Black History in New Orleans: Congo Square
Elderly woman in Congo Square, February 1891. Image from Congo Square.
As Evans describes, meetings in Congo Square lasted from the early Eighteenth Century until the 1850s, and then began again after emancipation. The Square was a place of communal strength and care, where hundreds of people of African descent met weekly to carry out their cultural traditions.
Congo Square by Adewale S. Adele. Image from Congo Square.
Over time, these Congo Square gatherings had an immeasurable impact on New Orleans’s culture through the music, songs, dances, and market practices. Evans traces the ways in which rhythmic patterns popular in Congo Square influenced the street
beat, bamboula beat, second line, and even the New Orleans beat and early jazz. The different African traditions practiced there also shaped distinctive New Orleans customs like the second line and the jazz funeral. The instruments used in Congo Square, including many different kids of drums, shaped early jazz music, and some evolved into instruments popular today.
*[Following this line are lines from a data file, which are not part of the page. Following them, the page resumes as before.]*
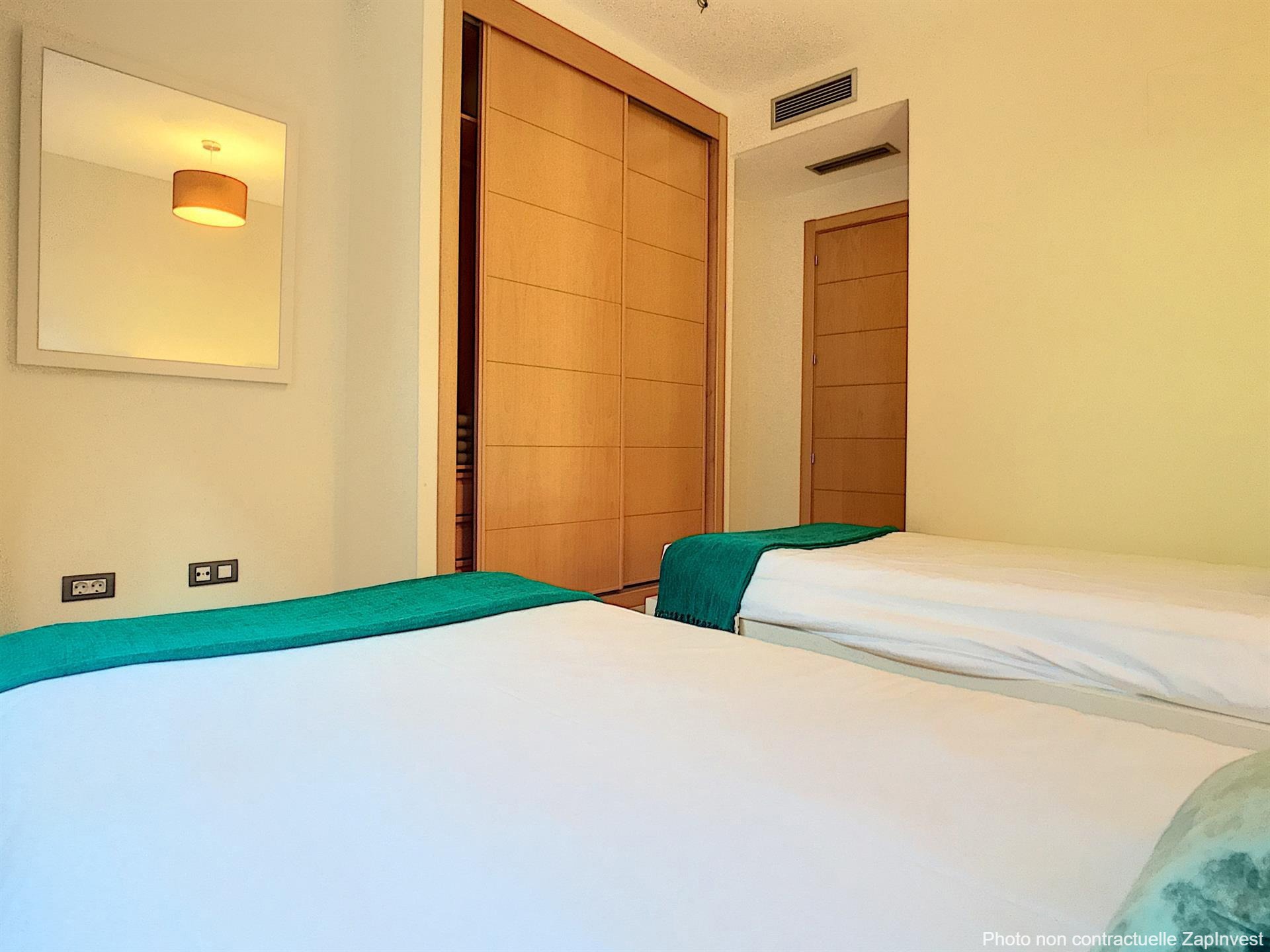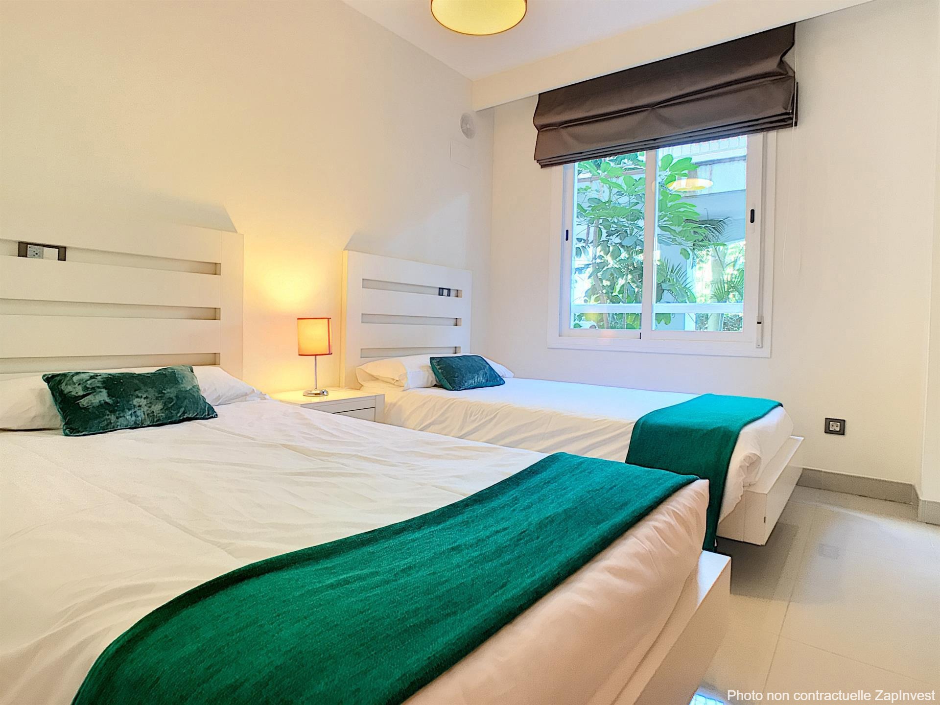 L’appartement se compose de deux chambres spacieuses et de deux salles de bain, dont une en suite. Vous serez séduit par son vaste et lumineux séjour ouvrant sur une belle terrasse de 32 m², prolongée par un jardin privatif de 28 m², soigneusement entretenu par le jardinier de la copropriété.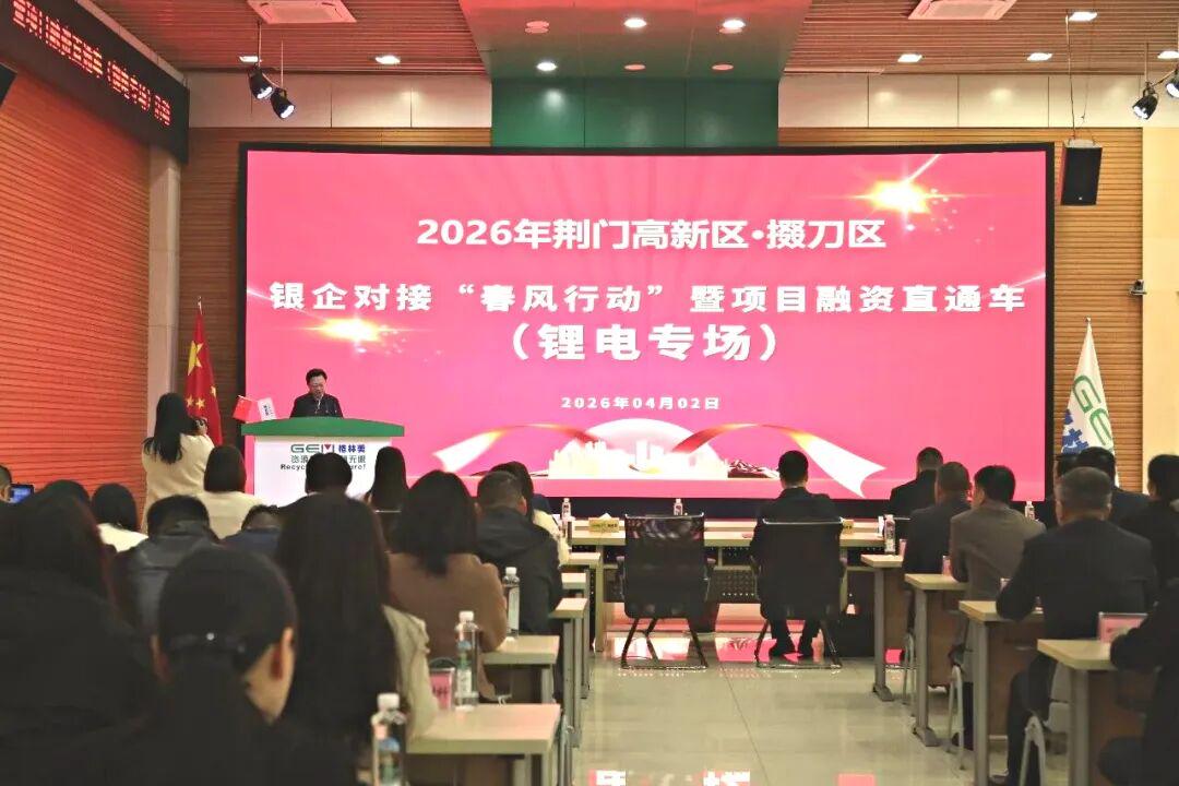 4月2日,2026年荆门高新区· 掇刀区银企对接“春风行动”暨项目融资直通车(锂电专场)活动在荆门市格林美新材料有限公司举行。这是荆门县市区首场、首个行业“项目融资直通车”活动,促成银企合作项目20个,达成意向融资51.45亿元。活动现场签约重点项目11个,签约意向金额39.5亿元,涵盖锂电新材料、供应链金融、动力电池回收利用、产城融合片区开发等多个领域,这些项目将为我区产业生态创新发展注入强劲动力。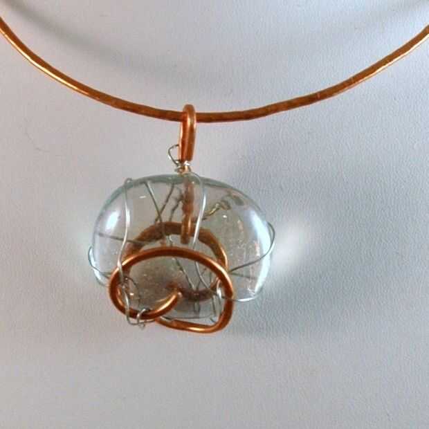 A continuación, cortar y martillo 2" pedazo de alambre. Hacer una fianza de esto creando un bucle alrededor de una parte de la espiral de cobre y otro bucle alrededor del alambre del cuello. Envuelva el exceso alambre fino alrededor de él para mayor seguridad.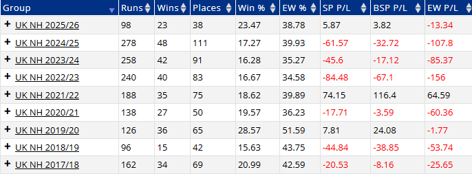 Below for example I've selected the trainer Anthony Honeyball, whose yard geegeez.co.uk sponsors and with whom we syndicate a number of horses, and 'grouped by' season (having only selected UK and NH race types - Anthony has also had flat winners and winners in Ireland during this time).

The gatherings in Congo Square left unmistakable and deep-rooted effects on New Orleans. Evans’s books highlight the diverse backgrounds of the people in Congo Square, the practices they maintained, and the tenacity that, despite traumatic and repressive conditions, fostered traditions vibrant enough to spread through the city, the country, and the world.
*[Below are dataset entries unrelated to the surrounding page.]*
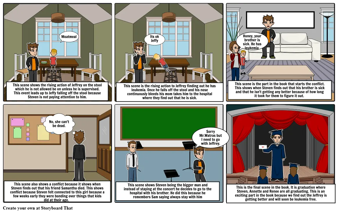 This is the final scene in the book. It is graduation where Steven, Annette and Renee are all graduating. This is an exciting part in the book because we find out the Jeffrey is getting better and will soon be leukemia free.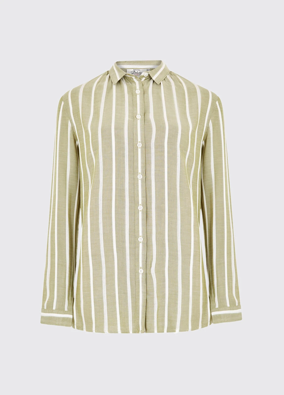 A lightweight striped shirt, ideal marine or yacht clothing teamed with a pair of Dubarry Bellinter shorts. Its slightly sheer fabric makes is perfect for summer layering or a beach cover up, while the pearl buttons, back pleat and dainty collar give a touch of elegance.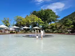 There is no swimming pool, but you can play in the water at the water park inside the resort.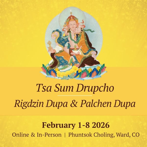 In the winter Tsa Sum Drupcho, Dzigar Kongtrul Rinpoche and MSB members practice the sadhanas of Ridgzin Dupa and Palchen Dupa from the Longchen Nyingtik tradition.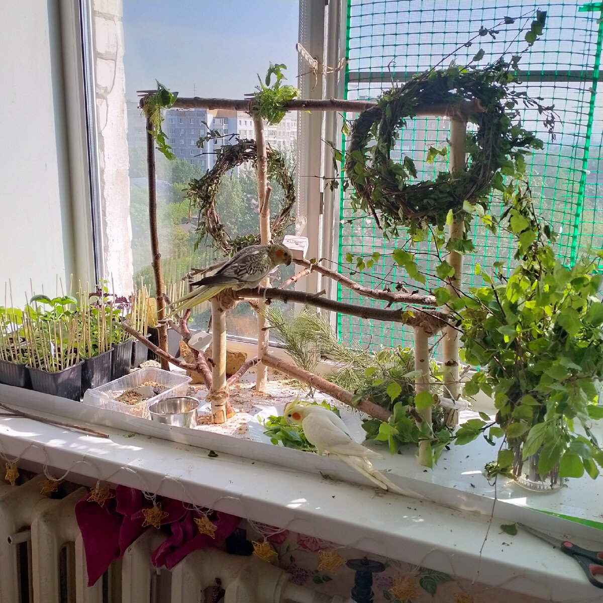 Щас много рассказывать буду! Вроде бы я съездила в деревню к маме на один день, а сколько всего произошло. 1-е, я помогла ей поставить деревенский душ, в этот раз сосед одолжил шуруповёрт и душ почти не шатается. Вместо бачка - старый умывальник с краником. Самое то, чтобы ополоснуться после огорода. Для кого-то не понятно чем тут гордиться, а я очень радуюсь, что хоть что-то сделала для мамы. Скучаю по ней... Из-за птиц нуждающихся в постоянных обследованиях и ежедневной дачи лекарств я не выездная. Без няньки для птиц это невозможно сделать. 2-е, мы с мамой ходили вдоль реки и резали ветки для птиц. Комары и мошки сильно раздражали, но с пустыми руками к папугам я не поеду. Поэтому мы собрали материалы для нового стенда и всякого разнотравья для птичьей еды. Все одуванчики и полынь сегодня они доели. На холме отколола большой кусок глины. Рядом увидела много отверстий в глиняном отвесе, которые сделали птички. Папуги были рады зелени, а вот глину предпочти кушать уральскую жёлтую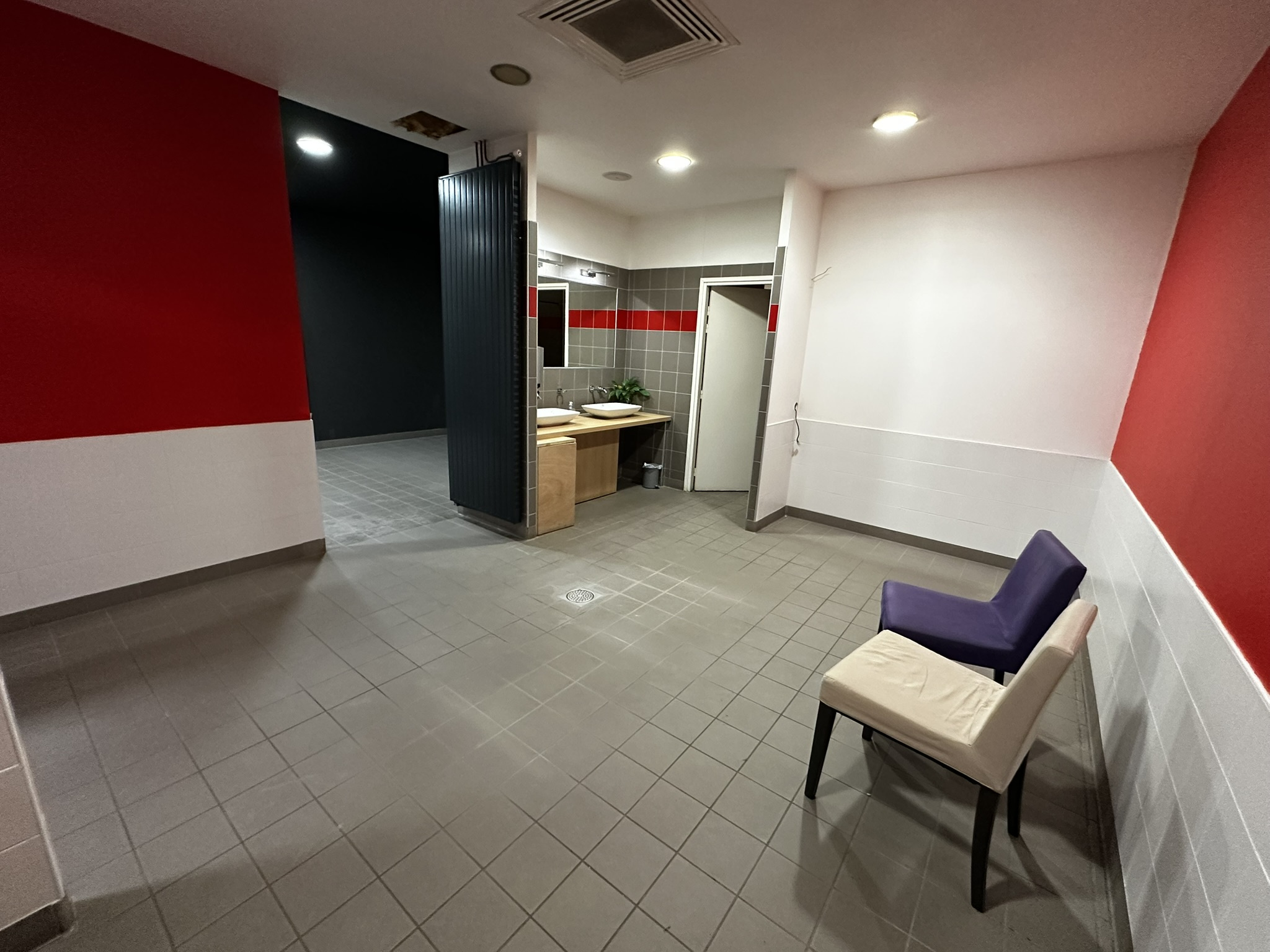 ... inclus : étagères modernes avec éclairage LED, îlot central de présentation, et rideaux électriques...

Freddi Evans will be at Melba’s Poboy’s Friday, February 25th from 12–1 p.m. where she will be giving away copies of Come Sunday. It’s an excellent opportunity for kids to learn a little about Congo Square this Black History Month.
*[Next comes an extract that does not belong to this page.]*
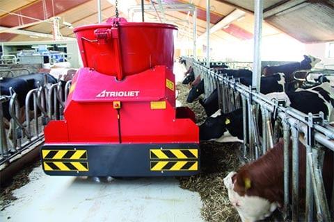 Сегодня, пожалуй, самой продвинутой и эффективной системой кормления являются автономные роботы-кормораздатчики. Семейство автономных роботов-кормораздатчиков Triomatic серии T могут быть легко встроены в существующие системы кормления. Роботы Triomatic серии T для смешивания и раздачи кормов имеют два вертикальных перемешивающих шнека, электронную систему смешивания, поперечный транспортёр для выгрузки влево и вправо, скользящий механизм отбора мощности и страховочный бампер, надежный привод с системой позиционирования и рабочий объем 3 м куб.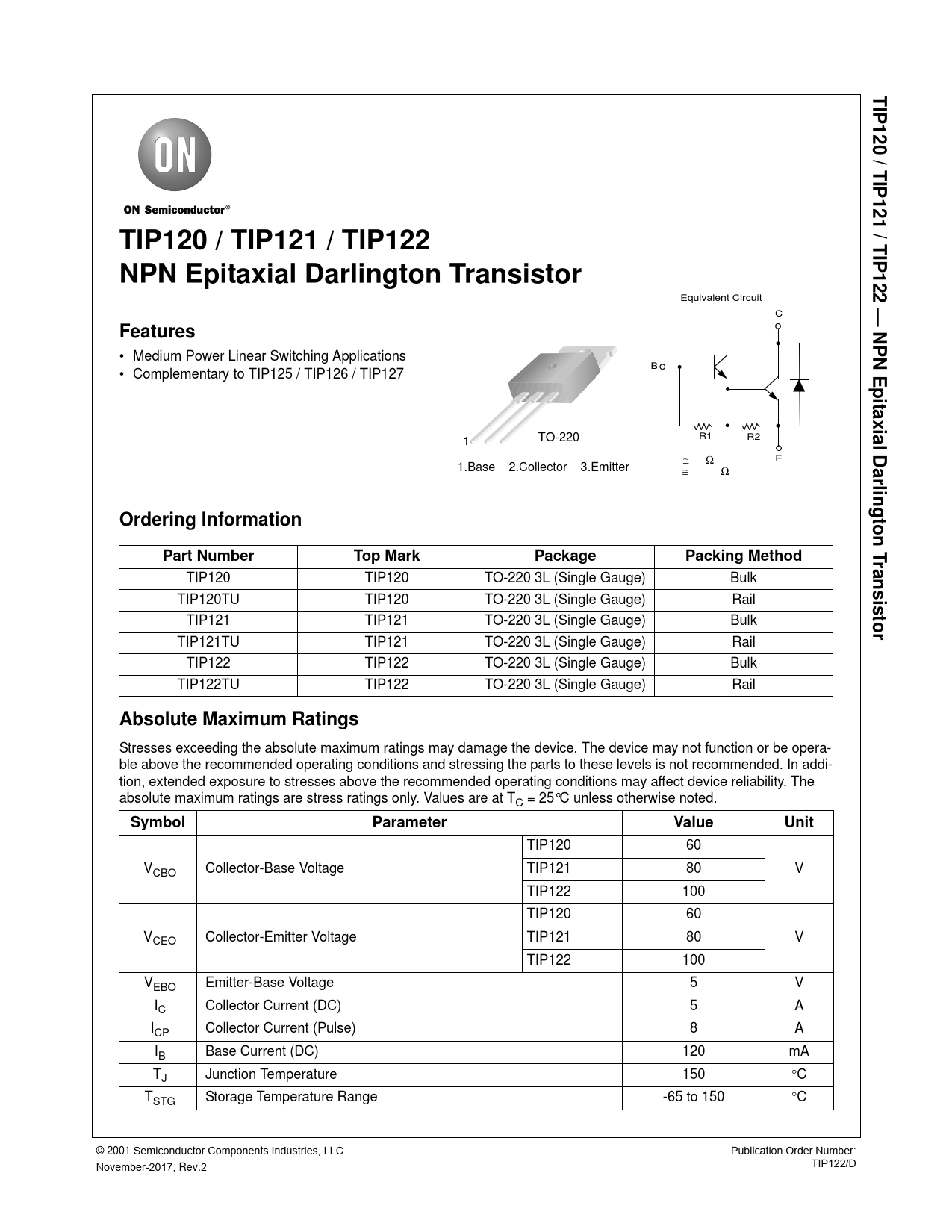 TIP120 60 VCBO Collector-Base Voltage TIP121 80 V TIP122 100 TIP120 60 VCEO Collector-Emitter Voltage TIP121 80 V TIP122 100 VEBO Emitter-Base Voltage 5 V IC Collector Current (DC) 5 A ICP Collector Current (Pulse) 8 A IB Base Current (DC) 120 mA TJ Junction Temperature 150 °C TSTG Storage Temperature Range -65 to 150 °C © 2001 Semiconductor Components Industries, LLC. Publication Order Number: TIP122/D November-2017, Rev.2

Freddi Williams Evans is an alumna of Tougaloo College, Tougaloo, Mississippi, where, as a music major, she began studying traditional African music on a study-travel to the University of Ghana at Accra. Evans has presented on Congo Square at schools, museums, and festivals. Her research on Congo Square has taken her to numerous archives, local and national, and back to West Africa. Evans resides in New Orleans and works as an arts educator and administrator as well as an independent scholar.